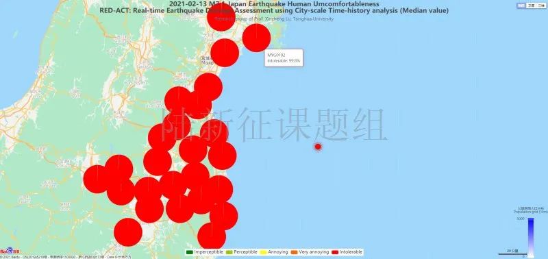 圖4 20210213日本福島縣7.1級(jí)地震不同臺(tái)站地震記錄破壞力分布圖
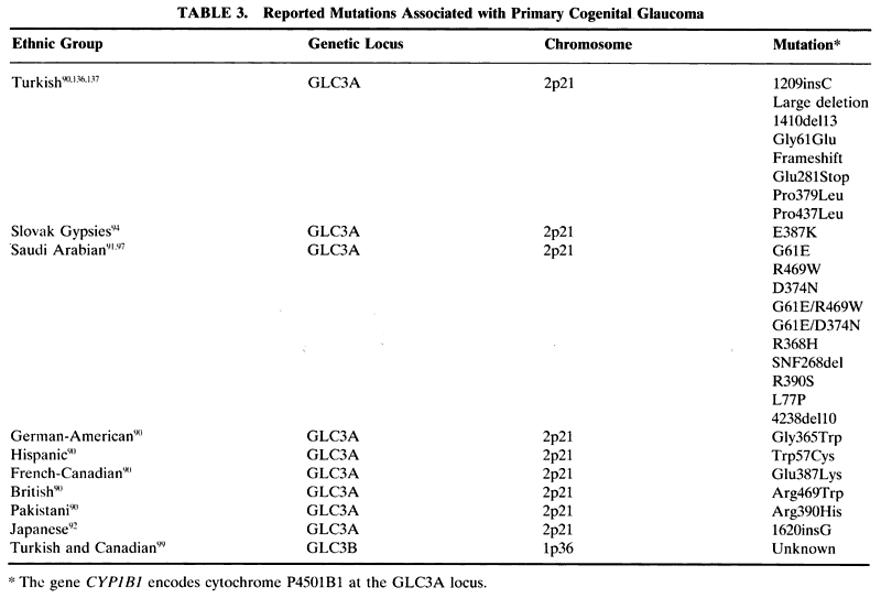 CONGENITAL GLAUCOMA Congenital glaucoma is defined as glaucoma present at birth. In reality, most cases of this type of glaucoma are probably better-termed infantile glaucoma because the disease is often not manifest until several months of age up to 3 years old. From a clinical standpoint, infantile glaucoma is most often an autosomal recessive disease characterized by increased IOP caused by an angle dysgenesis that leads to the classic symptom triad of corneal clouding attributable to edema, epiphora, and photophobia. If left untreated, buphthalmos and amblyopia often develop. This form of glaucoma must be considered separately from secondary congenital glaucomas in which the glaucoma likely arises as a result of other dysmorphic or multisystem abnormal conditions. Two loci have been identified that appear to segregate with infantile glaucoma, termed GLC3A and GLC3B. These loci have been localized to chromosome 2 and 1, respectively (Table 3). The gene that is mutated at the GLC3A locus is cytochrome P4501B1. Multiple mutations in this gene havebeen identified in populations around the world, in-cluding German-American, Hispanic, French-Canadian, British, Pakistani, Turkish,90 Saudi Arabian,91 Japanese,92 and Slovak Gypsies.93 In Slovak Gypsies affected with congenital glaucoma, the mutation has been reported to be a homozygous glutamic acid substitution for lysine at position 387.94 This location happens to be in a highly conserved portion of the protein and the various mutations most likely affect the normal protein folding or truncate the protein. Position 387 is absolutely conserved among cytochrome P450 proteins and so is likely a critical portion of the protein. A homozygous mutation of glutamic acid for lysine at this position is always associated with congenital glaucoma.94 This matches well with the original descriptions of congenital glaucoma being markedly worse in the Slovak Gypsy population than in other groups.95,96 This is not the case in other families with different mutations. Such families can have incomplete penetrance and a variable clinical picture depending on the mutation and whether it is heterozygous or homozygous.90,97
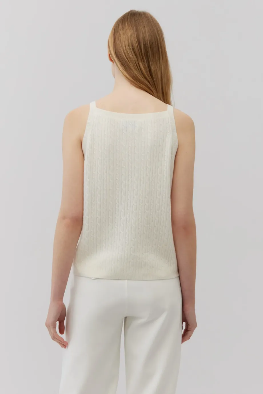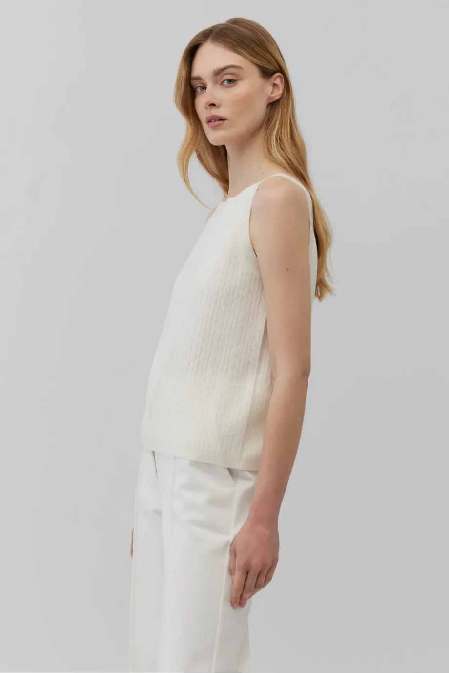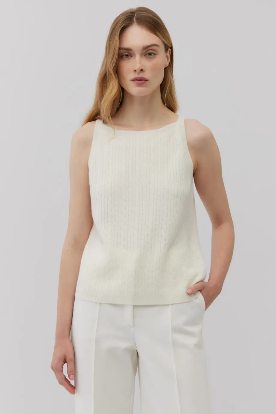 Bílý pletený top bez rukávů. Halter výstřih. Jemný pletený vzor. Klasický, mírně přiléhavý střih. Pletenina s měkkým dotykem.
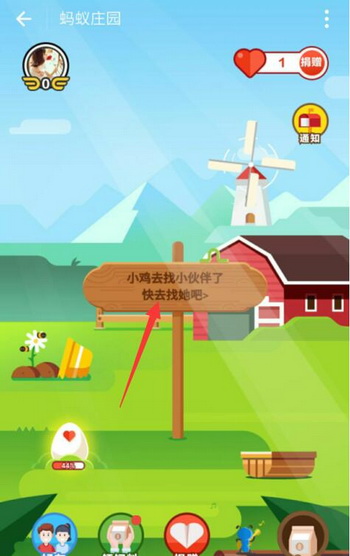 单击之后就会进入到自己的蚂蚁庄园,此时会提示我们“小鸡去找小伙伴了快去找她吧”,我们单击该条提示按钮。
--
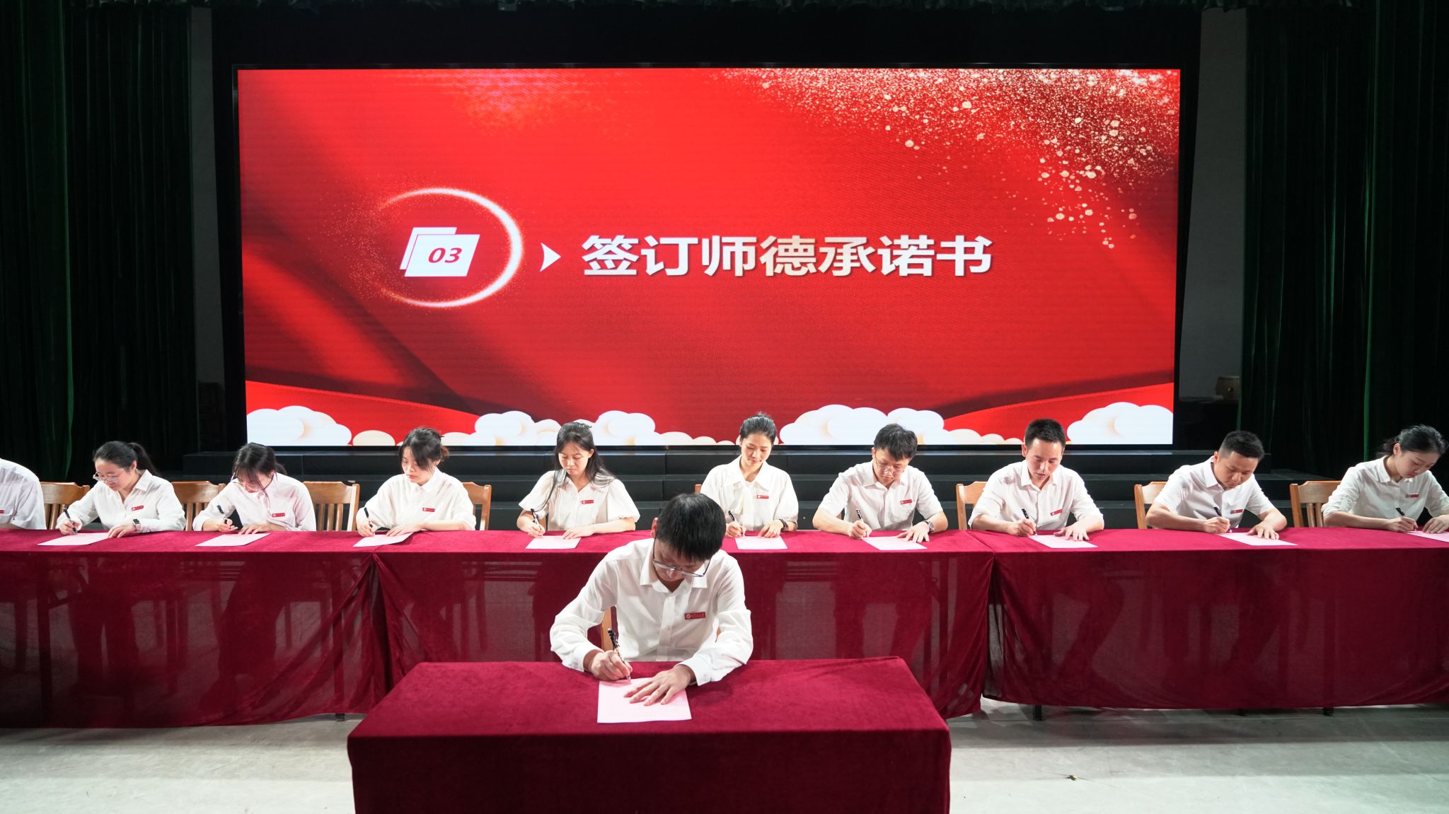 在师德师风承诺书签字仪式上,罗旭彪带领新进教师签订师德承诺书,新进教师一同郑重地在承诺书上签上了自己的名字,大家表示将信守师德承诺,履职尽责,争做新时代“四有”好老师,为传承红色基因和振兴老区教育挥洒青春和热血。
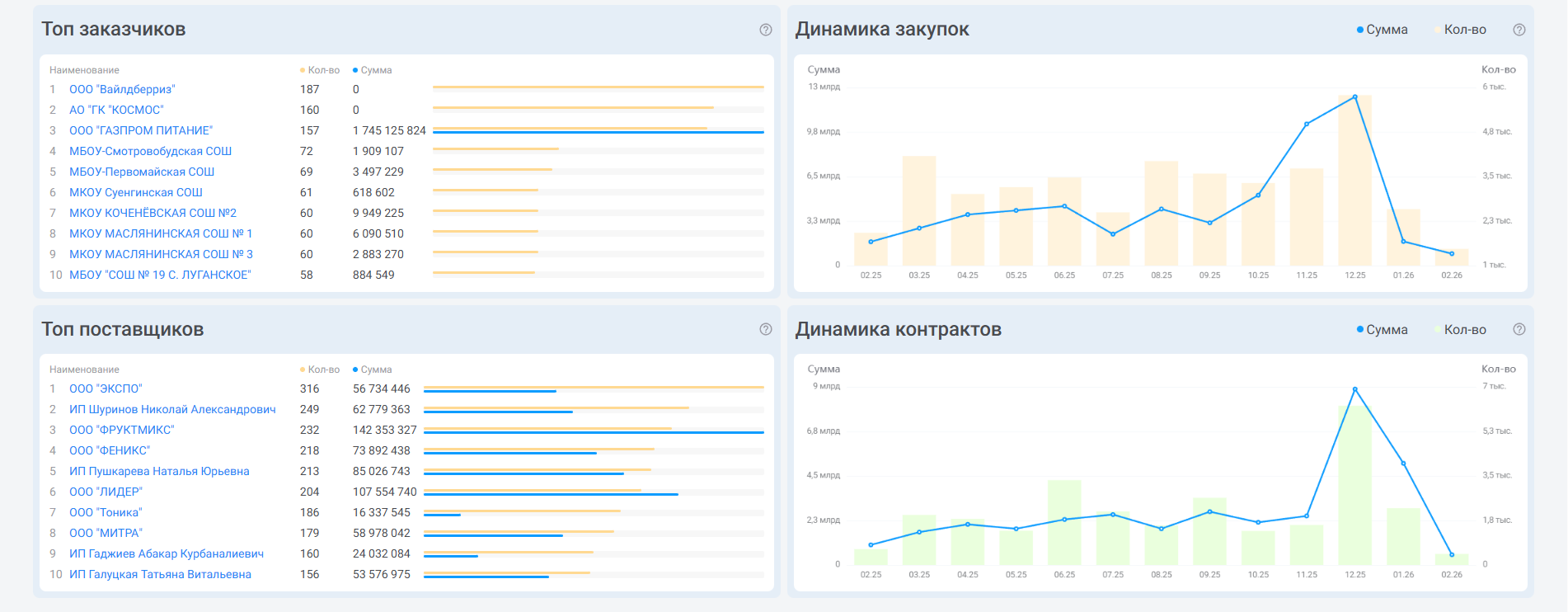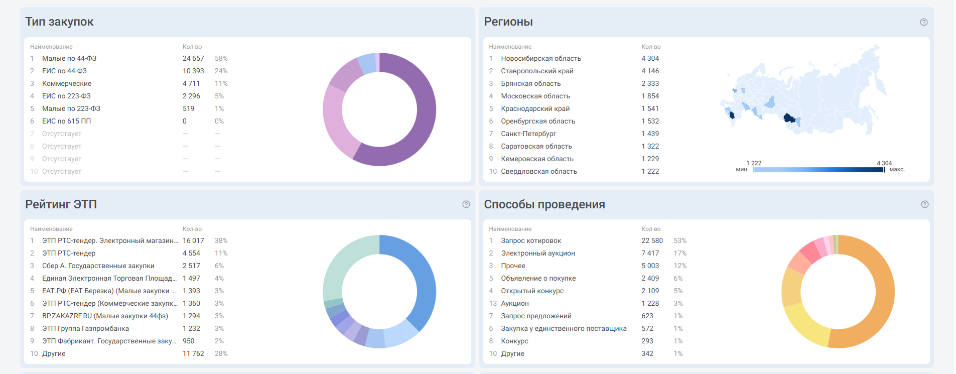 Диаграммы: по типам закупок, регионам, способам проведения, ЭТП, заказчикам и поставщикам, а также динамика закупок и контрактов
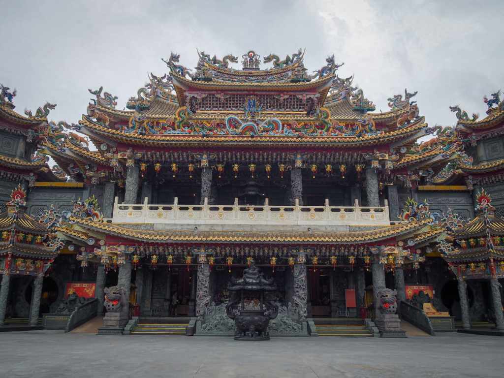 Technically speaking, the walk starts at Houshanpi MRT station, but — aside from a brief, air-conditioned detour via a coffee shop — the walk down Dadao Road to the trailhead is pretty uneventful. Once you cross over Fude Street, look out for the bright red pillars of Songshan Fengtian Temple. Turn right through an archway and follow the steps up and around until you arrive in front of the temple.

## [Task objective]
Starting with the line that has "在师德师风承诺书签字仪式上,罗旭彪带领新" and going on through the line that has "Диаграммы: по типам", transcribe the records above exactly, but skip the pictures.

## [Task result]
 在师德师风承诺书签字仪式上,罗旭彪带领新进教师签订师德承诺书,新进教师一同郑重地在承诺书上签上了自己的名字,大家表示将信守师德承诺,履职尽责,争做新时代“四有”好老师,为传承红色基因和振兴老区教育挥洒青春和热血。
 Диаграммы: по типам закупок, регионам, способам проведения, ЭТП, заказчикам и поставщикам, а также динамика закупок и контрактов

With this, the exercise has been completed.